The Thailand Game Show (TGS) is an annual video game convention held in Bangkok, Thailand, and features game demos, cosplay contests, gaming tournaments, and other related activities. The event is a major gaming event in Southeast Asia that attracts many gaming and cosplay enthusiasts from Thailand and other countries. In 2022, the Thailand Game Show was held on October 21–23 at Queen Sirikit National Convention Center (QSNCC) and broke the record for a three-day event with over 160,000 attendees. The event introduced two new zones: the NFT & Metaverse zone, which capitalized on the growing popularity of cryptocurrency, and the Business Matching zone, which aims to enhance business opportunities. The event is organized by Show No Limit in partnership with True Digital Group's "Online Station".

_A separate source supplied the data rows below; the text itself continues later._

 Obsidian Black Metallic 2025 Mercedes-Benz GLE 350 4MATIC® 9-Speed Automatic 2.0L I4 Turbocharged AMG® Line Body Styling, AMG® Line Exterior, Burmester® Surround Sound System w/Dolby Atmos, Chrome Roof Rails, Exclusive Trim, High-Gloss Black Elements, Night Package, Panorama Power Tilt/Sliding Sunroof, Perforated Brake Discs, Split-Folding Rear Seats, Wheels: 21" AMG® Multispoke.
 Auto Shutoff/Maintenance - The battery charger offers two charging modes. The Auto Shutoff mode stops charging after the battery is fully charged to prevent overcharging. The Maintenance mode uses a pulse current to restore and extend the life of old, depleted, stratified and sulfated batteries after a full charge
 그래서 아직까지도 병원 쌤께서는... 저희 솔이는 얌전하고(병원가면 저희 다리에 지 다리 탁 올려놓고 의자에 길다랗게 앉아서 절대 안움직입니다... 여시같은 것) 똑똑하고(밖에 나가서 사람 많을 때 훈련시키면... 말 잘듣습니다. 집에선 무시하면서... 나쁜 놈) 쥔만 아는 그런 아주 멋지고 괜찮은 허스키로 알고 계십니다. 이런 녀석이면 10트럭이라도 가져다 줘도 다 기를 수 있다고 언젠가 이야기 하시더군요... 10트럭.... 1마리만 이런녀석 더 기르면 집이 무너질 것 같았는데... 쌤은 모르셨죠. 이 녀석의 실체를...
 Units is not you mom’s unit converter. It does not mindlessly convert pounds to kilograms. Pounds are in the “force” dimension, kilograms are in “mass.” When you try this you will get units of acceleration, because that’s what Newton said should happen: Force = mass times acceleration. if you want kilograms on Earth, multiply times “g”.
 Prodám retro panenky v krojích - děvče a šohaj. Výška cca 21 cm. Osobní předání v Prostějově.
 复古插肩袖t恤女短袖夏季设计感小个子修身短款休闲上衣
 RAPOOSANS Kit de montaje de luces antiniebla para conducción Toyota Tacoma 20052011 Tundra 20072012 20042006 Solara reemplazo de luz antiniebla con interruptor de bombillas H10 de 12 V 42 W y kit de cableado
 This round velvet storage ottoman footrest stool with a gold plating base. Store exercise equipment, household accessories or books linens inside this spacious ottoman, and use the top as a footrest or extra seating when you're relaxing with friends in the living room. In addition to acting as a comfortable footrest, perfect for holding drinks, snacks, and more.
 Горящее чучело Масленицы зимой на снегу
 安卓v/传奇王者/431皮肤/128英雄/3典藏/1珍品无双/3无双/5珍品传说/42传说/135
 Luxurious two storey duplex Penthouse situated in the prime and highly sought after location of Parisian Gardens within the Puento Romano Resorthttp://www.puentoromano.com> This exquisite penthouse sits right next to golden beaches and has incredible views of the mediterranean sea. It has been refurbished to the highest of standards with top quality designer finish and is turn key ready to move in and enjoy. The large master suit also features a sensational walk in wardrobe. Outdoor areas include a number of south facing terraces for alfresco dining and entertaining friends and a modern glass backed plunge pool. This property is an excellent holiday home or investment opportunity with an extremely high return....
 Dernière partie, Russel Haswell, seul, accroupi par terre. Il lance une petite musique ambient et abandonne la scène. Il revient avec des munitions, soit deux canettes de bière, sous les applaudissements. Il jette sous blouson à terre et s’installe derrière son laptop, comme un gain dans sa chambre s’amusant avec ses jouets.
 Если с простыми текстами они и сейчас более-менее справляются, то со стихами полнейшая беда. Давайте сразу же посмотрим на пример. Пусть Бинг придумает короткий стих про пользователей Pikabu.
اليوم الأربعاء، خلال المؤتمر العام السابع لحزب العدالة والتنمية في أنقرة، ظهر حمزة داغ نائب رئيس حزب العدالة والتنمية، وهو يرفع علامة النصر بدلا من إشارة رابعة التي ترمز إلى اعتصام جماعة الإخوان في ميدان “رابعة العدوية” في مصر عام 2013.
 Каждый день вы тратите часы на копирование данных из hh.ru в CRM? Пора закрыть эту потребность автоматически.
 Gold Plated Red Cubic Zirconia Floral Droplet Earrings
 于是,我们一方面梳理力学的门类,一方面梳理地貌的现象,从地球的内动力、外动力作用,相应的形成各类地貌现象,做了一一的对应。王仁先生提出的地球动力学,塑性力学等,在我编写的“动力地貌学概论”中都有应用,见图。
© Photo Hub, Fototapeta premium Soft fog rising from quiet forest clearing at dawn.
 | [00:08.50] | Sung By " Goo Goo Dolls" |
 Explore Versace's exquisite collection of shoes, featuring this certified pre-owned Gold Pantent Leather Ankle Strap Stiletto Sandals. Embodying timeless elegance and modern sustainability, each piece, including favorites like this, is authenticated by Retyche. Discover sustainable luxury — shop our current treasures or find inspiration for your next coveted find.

==Gaming platform market share==
The gaming industry in Thailand is dominated by mobile phone games, which make up 61% of the market share. Computer games (PC) account for 25% of the market, while video game consoles (such as PlayStation and Xbox) make up 14% of the market. According to Newzoo, 95% of gamers in Thailand's urban online population play on mobile devices, with female gamers being slightly more likely to play on mobile while male gamers prefer console and PC. In the console market, PlayStation has a leading market share of 94.56%, while Xbox accounts for only 5.44% of the market. The shooter genre is the favorite among gamers, with 38% of mobile players, 35% of console players, and 34% of PC players choosing it as their favorite genre.

==Controversies==
In 2008, copies of the already controversial Grand Theft Auto IV were mass recalled in Thailand after an 18-year-old high school student stabbed a cab driver to death. The 18-year-old confessed to stealing the taxi and said he killed the 54-year-old driver after he fought back, later stating that "killing seemed easy in the game." Subsequently, the game was banned in Thailand.

After the 2014 Thai coup d'état, Thailand's military junta the National Council for Peace and Order banned Bulgarian video game Tropico 5, in which players can act out the role of a dictator in an island state. According to Nonglak Sahawattanapong, sales manager of New Era Thailand, "some parts of stories within the game affect Thailand's situation," and though Sahawattanapong was "disappointed" by the decision, the company complied with the ban.